8
Wombat
1y

Have you worked with GraphQL? Saw it for the first time and it looks like a pretty good tool for working with APIs, to me. I am excited to read your opinions about GraphQL.

Comments
  • 2
    No but I'm favoriting this to remind myself to check it out later. Our current API sucks. Like, really bad.
  • 0
    @HollowKitty you really should. It's totally recommended for working with crappy APIs.
  • 0
    Yeah it seems pretty cool but basically I don't like the fact that the client can perform direct querying
  • 1
    @th4t well, he can't. You can setup an GraphQL-service on your website with endpoints, wich you can fetch from frontemd. And on this service you can configure your queries. It's a bit overingenieuring, but you can lazy load, catch and aggregate queries wich is really handy and also has good performance.
  • 2
    Its great, let frontend decide how and what data they want to get. Backend has their own datastructure which you probably dont want to force on others.
  • 0
    Graphql, more like "i fucking suck at dba"
  • 0
    @sharktits dba?
  • 0
  • 0
    @Codex404 I think database administration but I'm still confused. If you run an API server, it's probably still backed by a database so you still need to do DBA. If you're a client of the API server, you don't usually have much of a choice about whether you get to directly access the DB or not.
  • 0
    @HollowKitty and even if you have full control over the database you dont want to write a query for every specific thing a client wants.
  • 0
    @HollowKitty @Codex404 I don't understand what you mean. Can you elaborate?
  • 1
    @Wombat it is a response to what sharktits said
  • 1
    @Codex404 I don't understand, why query for everything? Don't you use Views, stored procedures and functions?
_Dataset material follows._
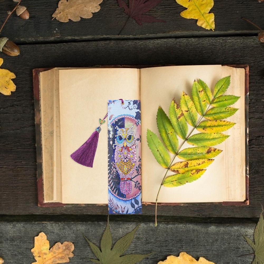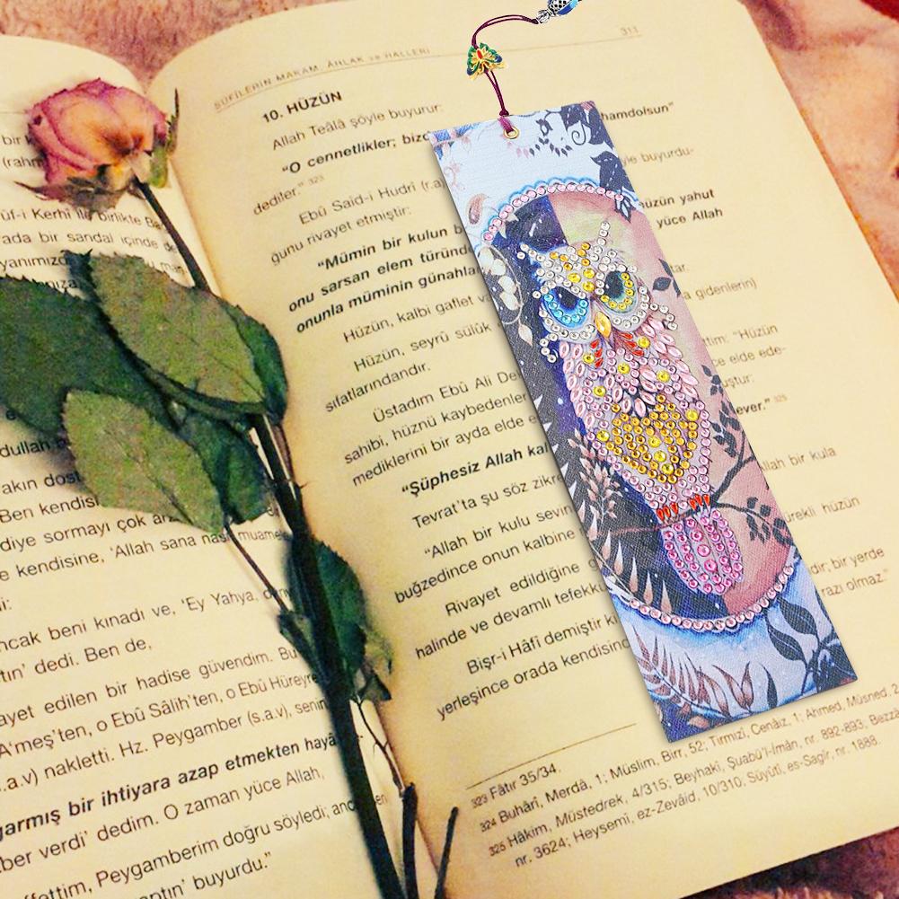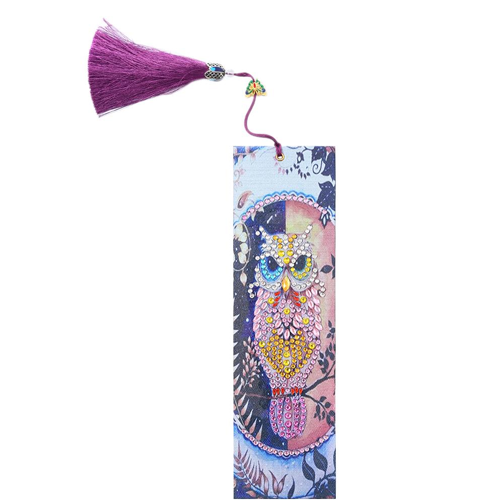 DIY Owl Special Shaped Diamond Painting Leather Bookmarks with Tassel Gifts
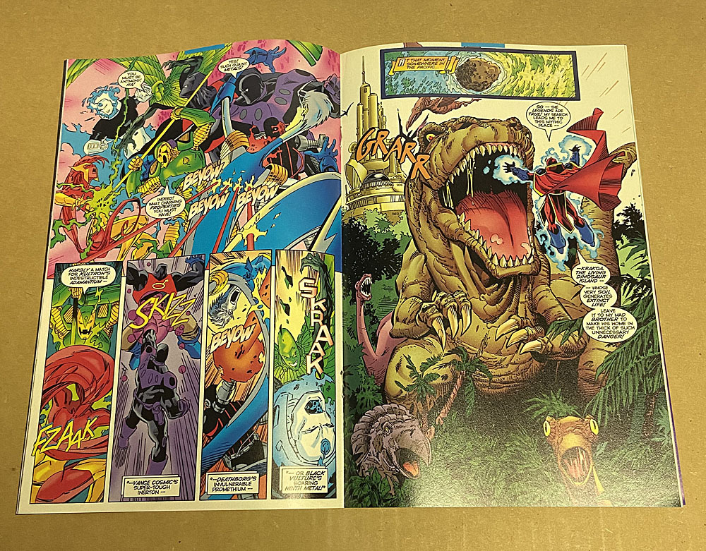 * "Born Again!" Story by Tom Peyer. Art by Barry Kitson and Dan Panosian. In order to save two universes, the young hero known as Access was forced to use the power of Amalgam (see Marvel versus DC (1996) #3). In this issue, Magneto's loyal friends have fallen in battle. So he recreates them in the form of the robotic Magnetic Men (Metal Men/Brotherhood of Evil Mutants). But will they survive a visit to Krakoa, the Living Dinosaur Island?

    I always do views then call it from sp or fn.

    But then again, when I work with .Net I use Entity Framework and forget about queries

    In-case of NodeJs I use mongoose but this means mongoDb only, and not everyone does that.

    In the end just like a good developer designs his code to be reusable as much as possible, a good DBA/DB dev designs his queries to be reused and flexible as much as possible and not throw bunch of SELECT * FROM tblX
  • 2
    @gitpush that is completely true, but should a backend dev or dba decide what frontend can do?
  • 1
    @Codex404 tbh in that case I call it a mess.

    Everything must be planned, and UI's are built based on scenarios/goal of building the system.

    How data is structured inside database is not an issue for the UI nor how the UI is to be is not an issue for the database, the goal is UI wants xyz, db has xy, adding or removing must have no effect on the entire system because database is just a detail that can be replaced by anything, like a sudden change to use SQL db from NoSQL, only data access files to change nothing else.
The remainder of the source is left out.